_Exercise requirements_: Write out every line below that includes the word "Christmas".

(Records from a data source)
==================================================

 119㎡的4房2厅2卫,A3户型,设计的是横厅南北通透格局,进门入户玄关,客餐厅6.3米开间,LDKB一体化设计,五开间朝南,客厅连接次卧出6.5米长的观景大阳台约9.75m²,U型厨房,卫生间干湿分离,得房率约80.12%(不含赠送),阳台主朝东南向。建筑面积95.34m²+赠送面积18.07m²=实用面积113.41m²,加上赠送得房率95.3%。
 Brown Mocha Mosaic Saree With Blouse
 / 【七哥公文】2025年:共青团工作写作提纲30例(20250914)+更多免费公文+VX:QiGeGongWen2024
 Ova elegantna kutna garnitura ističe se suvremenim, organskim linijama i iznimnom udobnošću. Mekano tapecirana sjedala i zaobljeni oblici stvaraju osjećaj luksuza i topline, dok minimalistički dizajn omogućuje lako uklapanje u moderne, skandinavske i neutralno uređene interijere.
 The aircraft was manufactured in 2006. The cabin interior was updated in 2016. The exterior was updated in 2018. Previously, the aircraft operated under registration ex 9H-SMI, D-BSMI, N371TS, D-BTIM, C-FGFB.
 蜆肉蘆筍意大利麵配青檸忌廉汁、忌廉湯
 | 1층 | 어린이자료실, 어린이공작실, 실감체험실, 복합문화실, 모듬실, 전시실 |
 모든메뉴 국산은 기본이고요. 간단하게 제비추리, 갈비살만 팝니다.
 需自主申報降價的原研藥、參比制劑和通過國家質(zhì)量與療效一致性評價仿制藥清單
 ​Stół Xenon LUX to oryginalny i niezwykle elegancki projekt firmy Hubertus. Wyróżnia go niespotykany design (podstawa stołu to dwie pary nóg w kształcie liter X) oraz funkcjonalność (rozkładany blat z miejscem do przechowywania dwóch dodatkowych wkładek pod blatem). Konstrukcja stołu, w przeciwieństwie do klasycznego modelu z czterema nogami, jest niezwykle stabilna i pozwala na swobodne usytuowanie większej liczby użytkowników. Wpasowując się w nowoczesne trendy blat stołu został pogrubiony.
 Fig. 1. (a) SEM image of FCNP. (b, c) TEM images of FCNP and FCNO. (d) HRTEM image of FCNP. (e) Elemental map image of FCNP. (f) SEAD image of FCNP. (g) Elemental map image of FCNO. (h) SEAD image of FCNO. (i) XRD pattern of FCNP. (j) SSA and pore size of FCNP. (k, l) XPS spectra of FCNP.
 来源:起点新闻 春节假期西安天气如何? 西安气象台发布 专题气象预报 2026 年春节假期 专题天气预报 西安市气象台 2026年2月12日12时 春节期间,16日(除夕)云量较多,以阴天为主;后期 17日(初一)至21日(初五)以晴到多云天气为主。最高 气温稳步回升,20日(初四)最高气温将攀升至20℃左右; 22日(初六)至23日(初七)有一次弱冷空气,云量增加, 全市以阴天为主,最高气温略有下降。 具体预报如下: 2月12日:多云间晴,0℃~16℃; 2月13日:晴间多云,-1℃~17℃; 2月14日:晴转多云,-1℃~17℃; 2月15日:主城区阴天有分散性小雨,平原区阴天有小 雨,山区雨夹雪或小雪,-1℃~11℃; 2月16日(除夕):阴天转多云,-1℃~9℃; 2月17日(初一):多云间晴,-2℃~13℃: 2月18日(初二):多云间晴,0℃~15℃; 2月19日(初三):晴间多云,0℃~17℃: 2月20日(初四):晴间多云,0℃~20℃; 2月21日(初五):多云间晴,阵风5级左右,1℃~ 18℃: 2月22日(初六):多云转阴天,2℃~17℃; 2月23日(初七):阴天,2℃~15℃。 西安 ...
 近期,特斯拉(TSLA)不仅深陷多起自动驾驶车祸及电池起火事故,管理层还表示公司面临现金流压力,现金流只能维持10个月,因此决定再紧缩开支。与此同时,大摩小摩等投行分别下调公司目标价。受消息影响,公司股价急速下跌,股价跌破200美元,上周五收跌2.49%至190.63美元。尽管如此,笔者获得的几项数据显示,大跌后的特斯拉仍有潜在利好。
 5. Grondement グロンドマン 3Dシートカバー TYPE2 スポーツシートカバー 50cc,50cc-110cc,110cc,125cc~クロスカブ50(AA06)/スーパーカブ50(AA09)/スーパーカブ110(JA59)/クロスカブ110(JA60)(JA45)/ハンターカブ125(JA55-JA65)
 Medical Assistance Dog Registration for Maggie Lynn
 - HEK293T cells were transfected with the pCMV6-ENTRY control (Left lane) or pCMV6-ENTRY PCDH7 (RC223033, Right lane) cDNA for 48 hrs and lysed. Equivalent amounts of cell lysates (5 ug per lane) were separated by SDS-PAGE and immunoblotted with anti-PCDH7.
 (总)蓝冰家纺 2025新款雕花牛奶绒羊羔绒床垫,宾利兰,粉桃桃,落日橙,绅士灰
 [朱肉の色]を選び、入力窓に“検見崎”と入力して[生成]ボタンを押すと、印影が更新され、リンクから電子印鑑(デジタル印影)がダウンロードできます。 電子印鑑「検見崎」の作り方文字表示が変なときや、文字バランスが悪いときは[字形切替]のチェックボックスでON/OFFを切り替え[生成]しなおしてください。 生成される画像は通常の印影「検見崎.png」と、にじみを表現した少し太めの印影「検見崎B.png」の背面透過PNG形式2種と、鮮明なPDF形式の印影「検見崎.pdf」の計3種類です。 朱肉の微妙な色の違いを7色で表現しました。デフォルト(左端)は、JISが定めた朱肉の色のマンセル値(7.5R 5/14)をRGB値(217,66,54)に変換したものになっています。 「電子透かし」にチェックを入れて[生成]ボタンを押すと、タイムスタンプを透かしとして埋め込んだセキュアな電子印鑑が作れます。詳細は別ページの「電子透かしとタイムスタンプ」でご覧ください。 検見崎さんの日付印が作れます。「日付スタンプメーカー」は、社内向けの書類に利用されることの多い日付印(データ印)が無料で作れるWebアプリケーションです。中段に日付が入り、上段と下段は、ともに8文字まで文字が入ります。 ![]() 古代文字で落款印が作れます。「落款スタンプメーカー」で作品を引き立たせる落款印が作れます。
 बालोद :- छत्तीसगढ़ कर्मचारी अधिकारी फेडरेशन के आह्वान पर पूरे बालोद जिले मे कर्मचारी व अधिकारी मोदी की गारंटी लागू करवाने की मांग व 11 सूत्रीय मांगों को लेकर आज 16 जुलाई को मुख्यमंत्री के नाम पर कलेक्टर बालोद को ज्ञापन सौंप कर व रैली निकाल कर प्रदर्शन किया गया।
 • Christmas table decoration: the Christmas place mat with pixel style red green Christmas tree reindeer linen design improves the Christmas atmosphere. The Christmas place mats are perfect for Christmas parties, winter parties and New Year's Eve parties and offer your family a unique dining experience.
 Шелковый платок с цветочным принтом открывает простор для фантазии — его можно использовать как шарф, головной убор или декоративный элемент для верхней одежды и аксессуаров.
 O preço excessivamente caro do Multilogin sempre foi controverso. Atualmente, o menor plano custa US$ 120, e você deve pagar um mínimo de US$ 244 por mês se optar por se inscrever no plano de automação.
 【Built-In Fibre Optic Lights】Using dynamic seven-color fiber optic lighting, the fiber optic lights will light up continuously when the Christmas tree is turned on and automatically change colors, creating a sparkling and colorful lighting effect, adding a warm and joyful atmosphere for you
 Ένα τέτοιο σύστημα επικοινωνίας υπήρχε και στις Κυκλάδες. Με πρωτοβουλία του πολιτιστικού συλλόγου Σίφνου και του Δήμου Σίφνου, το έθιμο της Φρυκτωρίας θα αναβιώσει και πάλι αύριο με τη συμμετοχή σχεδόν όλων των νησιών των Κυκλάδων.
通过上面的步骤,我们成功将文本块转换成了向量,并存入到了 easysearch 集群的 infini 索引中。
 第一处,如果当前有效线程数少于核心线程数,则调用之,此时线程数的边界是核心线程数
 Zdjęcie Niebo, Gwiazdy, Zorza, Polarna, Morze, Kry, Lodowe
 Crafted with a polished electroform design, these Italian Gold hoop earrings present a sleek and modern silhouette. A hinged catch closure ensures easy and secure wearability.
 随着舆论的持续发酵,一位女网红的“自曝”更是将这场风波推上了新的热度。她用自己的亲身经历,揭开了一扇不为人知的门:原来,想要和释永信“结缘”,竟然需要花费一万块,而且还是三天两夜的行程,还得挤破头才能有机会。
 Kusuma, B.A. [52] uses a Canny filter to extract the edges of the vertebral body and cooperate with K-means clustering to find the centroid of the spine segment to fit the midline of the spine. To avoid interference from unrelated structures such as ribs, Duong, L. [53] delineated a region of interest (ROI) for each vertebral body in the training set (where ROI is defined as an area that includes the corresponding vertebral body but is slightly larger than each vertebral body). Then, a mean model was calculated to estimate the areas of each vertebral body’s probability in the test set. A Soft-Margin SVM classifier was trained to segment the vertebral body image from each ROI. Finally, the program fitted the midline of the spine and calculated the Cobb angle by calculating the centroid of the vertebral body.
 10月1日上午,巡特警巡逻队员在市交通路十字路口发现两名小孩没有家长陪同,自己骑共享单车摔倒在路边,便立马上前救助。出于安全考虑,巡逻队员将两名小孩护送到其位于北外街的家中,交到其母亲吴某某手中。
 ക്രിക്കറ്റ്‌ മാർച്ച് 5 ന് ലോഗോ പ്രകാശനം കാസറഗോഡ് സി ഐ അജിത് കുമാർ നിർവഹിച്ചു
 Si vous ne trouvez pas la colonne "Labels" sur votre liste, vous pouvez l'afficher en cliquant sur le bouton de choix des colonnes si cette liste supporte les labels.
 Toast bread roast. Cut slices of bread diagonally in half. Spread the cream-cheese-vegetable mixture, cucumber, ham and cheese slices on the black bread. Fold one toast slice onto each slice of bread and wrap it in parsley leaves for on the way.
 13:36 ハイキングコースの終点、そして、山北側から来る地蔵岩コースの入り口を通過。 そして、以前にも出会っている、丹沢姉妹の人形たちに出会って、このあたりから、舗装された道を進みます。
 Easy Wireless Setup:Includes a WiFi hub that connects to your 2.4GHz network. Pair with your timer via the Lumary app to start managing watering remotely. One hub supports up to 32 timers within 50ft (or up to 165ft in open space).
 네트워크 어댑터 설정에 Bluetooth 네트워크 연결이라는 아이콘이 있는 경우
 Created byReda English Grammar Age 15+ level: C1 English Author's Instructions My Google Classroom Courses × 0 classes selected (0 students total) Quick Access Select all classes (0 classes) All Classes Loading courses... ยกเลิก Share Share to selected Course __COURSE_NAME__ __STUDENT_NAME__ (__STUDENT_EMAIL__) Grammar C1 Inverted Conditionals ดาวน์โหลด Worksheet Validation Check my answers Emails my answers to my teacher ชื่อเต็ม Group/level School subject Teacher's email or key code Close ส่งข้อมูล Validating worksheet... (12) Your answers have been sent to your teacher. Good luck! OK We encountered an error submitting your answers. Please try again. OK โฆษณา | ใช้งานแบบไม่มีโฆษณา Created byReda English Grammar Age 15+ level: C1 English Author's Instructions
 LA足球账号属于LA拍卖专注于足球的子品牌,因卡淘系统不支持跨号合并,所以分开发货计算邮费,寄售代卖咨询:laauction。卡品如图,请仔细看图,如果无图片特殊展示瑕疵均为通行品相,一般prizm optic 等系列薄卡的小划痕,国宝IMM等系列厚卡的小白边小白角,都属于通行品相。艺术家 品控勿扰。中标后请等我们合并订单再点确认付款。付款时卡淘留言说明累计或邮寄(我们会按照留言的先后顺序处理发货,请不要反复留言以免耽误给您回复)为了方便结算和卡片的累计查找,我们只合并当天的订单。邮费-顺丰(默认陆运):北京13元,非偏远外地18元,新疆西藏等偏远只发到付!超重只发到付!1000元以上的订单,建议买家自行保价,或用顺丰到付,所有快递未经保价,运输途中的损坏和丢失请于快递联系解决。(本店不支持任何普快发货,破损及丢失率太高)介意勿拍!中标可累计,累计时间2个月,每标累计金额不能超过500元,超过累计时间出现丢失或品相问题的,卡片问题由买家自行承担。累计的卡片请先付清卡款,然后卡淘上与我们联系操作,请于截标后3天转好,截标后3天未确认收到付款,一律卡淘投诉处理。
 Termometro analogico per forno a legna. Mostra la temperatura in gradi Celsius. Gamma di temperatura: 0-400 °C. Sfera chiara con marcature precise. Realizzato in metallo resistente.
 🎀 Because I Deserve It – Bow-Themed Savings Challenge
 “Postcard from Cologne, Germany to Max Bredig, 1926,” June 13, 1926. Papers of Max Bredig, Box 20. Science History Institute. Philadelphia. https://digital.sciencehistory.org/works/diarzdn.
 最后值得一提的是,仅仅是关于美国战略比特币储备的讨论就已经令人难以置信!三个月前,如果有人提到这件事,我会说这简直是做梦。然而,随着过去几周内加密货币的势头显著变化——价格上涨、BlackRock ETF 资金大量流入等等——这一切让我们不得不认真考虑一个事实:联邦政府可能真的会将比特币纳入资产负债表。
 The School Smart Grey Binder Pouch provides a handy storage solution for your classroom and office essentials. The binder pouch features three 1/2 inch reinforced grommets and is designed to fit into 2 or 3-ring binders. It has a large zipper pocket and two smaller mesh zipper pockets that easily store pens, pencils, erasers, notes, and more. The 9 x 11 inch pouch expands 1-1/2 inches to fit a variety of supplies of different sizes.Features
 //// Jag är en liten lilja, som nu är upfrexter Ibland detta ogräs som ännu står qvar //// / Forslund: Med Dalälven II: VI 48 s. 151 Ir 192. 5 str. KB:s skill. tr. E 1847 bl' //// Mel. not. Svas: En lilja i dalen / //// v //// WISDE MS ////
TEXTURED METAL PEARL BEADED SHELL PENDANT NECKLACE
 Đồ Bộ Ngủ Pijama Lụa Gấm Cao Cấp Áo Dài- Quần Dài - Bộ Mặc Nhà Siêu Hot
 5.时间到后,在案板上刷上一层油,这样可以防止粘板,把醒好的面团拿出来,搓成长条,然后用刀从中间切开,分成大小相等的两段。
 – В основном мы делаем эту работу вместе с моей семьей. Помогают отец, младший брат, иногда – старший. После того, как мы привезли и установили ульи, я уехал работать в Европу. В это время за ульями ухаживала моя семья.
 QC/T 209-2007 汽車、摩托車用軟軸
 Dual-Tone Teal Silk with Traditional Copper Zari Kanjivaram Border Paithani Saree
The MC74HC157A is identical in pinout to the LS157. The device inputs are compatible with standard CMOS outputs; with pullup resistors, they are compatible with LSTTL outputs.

==================================================

_Final answer_:
 • Christmas table decoration: the Christmas place mat with pixel style red green Christmas tree reindeer linen design improves the Christmas atmosphere. The Christmas place mats are perfect for Christmas parties, winter parties and New Year's Eve parties and offer your family a unique dining experience.
 【Built-In Fibre Optic Lights】Using dynamic seven-color fiber optic lighting, the fiber optic lights will light up continuously when the Christmas tree is turned on and automatically change colors, creating a sparkling and colorful lighting effect, adding a warm and joyful atmosphere for you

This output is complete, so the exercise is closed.